When the state requested that the Youakims also take in the other two siblings, they refused, citing the financial burden this would impose. In Miller, they argued that they should have received the same level of federal financial support as the non-relative foster parents, in part because they had no legal obligation to care for Linda's siblings. The Court ruled that relative caregivers cannot be denied federal foster-care benefits if otherwise eligible.
The state of Illinois had arguably been operating on a more traditional understanding of kinship care: that it is desirable for children to remain with their families, that families would willingly take in their relatives' children, and that such arrangements cost the government less in time, energy, and actual funds than other institutional placements. The Miller decision prompted Illinois and other states to view non-relative foster care and kinship care in a new, more equivalent, light. This led to a range of policy changes and legislative proposals across the country, including granting preference to kin when determining foster-care placements, expanding the definition of kin, and providing new sources of support to kinship-care families.
A widely publicized 1986 lawsuit against New York City had a similar effect. In Eugene F. v. Gross, the Legal Aid Society alleged that the city had not provided adequate support, information, and services to relative caregivers. Compelling testimony by kinship caregivers demonstrated that they often lacked basic necessities for the children under their care, including beds, clothing, and school supplies.
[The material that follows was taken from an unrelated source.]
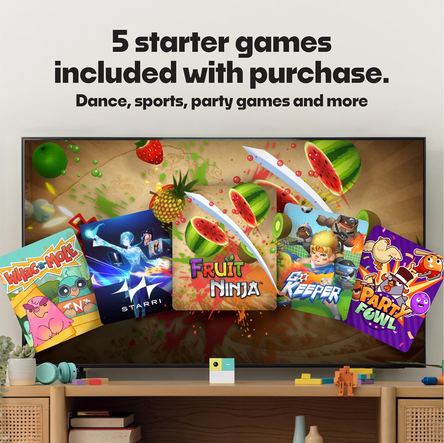 The Nex Playground comes with five starter games, including the popular Fruit Ninja, Starri, Whac-a-Mole, Go Keeper, and Party Fowl. These games are designed to get your family moving, and with the built-in camera tracking motion and natural body movements, anyone can jump in and play. The setup process is straightforward, with a simple HDMI connection to your TV or projector, making it easy to get started.
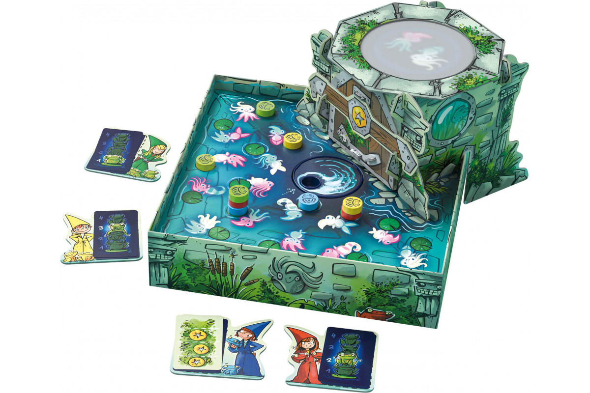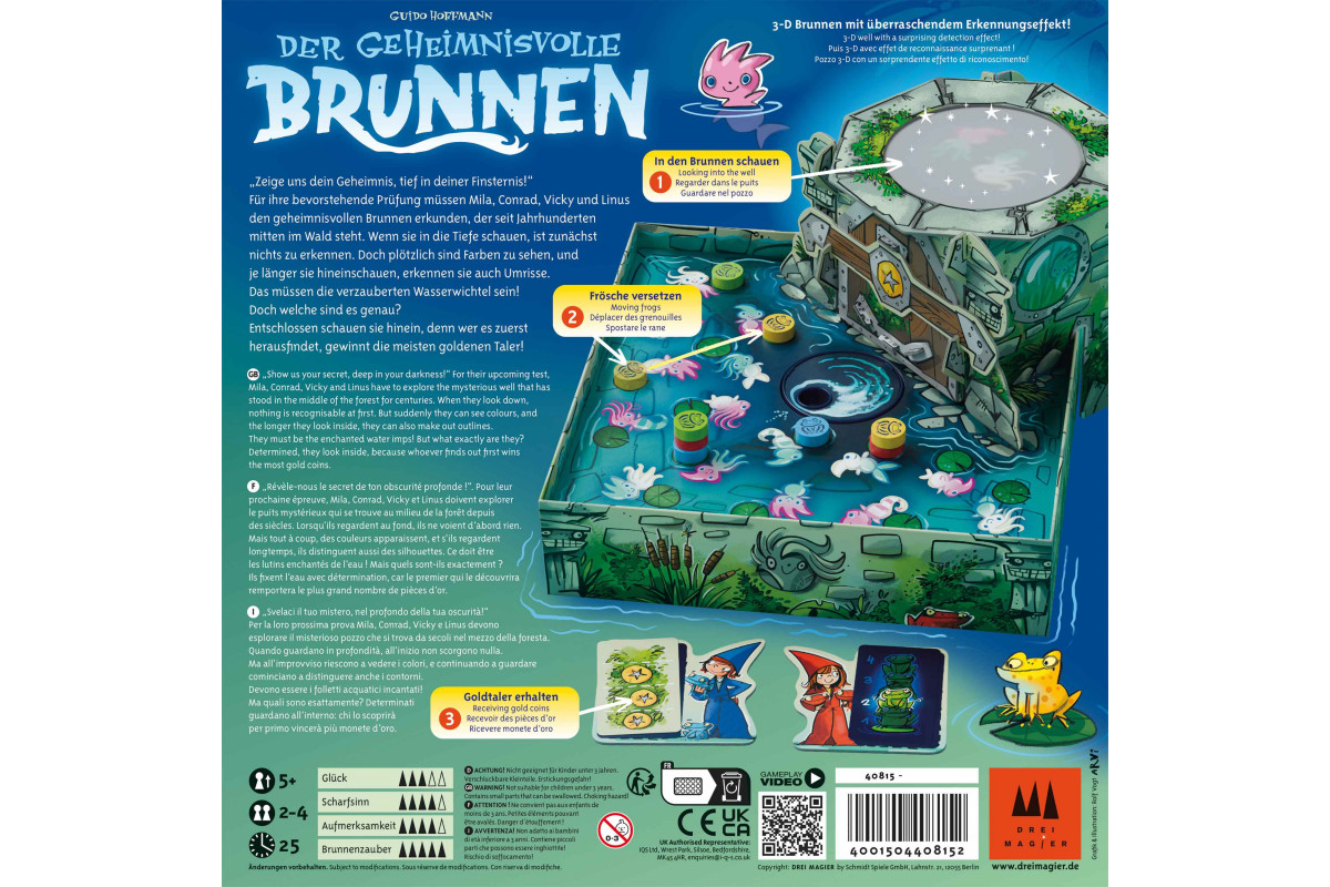 „Zeige uns dein Geheimnis, tief in deiner Finsternis!“ Für ihre bevorstehende Prüfung müssen Mila, Conrad, Vicky und Linus den geheimnisvollen Brunnen erkunden, der seit Jahrhunderten mitten im Wald steht. Wenn sie in die Tiefe schauen, ist zunächst nichts zu erkennen. Doch plötzlich sind Farben zu sehen, und je länger sie hineinschauen, erkennen sie auch Umrisse. Das müssen die verzauberten Wasserwichtel sein! Doch welche sind es genau? Entschlossen schauen sie hinein, denn wer es zuerst herausfindet, gewinnt die meisten goldenen Taler!

New York City subsequently expedited procedures for approving relative foster parents, and began to provide them with the same level of reimbursement as non-relatives.
As Nina Bernstein noted in The Lost Children of Wilder, by 1993, in part due to the influence of Robert Little, 43% of all children placed by New York City were assigned to kinship-care homes. Many of these placements were significantly subsidized by the city. In general, foster-care grants in New York City were considerably more generous than grants offered by the federal Aid to Families with Dependent Children program, which mostly supported poor children living with their own mothers. Further, kinship-care payments from the city were often even larger than standard city foster-care payments, and up to seven times the amount of AFDC benefits. This presented a straightforward economic incentive for poor families to place their children in foster care and arrange for kinship-care placements.
According to Bernstein, "[Robert] Little heard critics complain that foster care was now being used as a form of economic development for the black community, a back-door method of income redistribution, but he saw nothing wrong with that. For years black children had been the raw material for a white-run foster-care industry that treated them to second-class service. Why shouldn't money for their care stay within the black community instead, and help their own kind?"
New York City was not alone in generously financing kinship care. For example, in 1996, two children living with relatives licensed by the Maryland foster-care system would have received $1,070 to $1,100 a month; if they had been living at home, they would have received $292 per month from the state's AFDC program.
There are still other, more bureaucratic incentives to place children in kinship homes today. Fred Wulczyn, the founder and director of the University of Chicago's Center for State Child Welfare Data, has argued that the relative ease of placing children with kin may influence the decisions of caseworkers, who are generally not required to conduct extensive background checks and follow-up assessments for kinship caregivers, at least not to the same degree as for non-relative foster placements. Overworked agents who can save time and resources by placing children with relatives may therefore sometimes do so regardless of whether such placements are truly in a child's best interests.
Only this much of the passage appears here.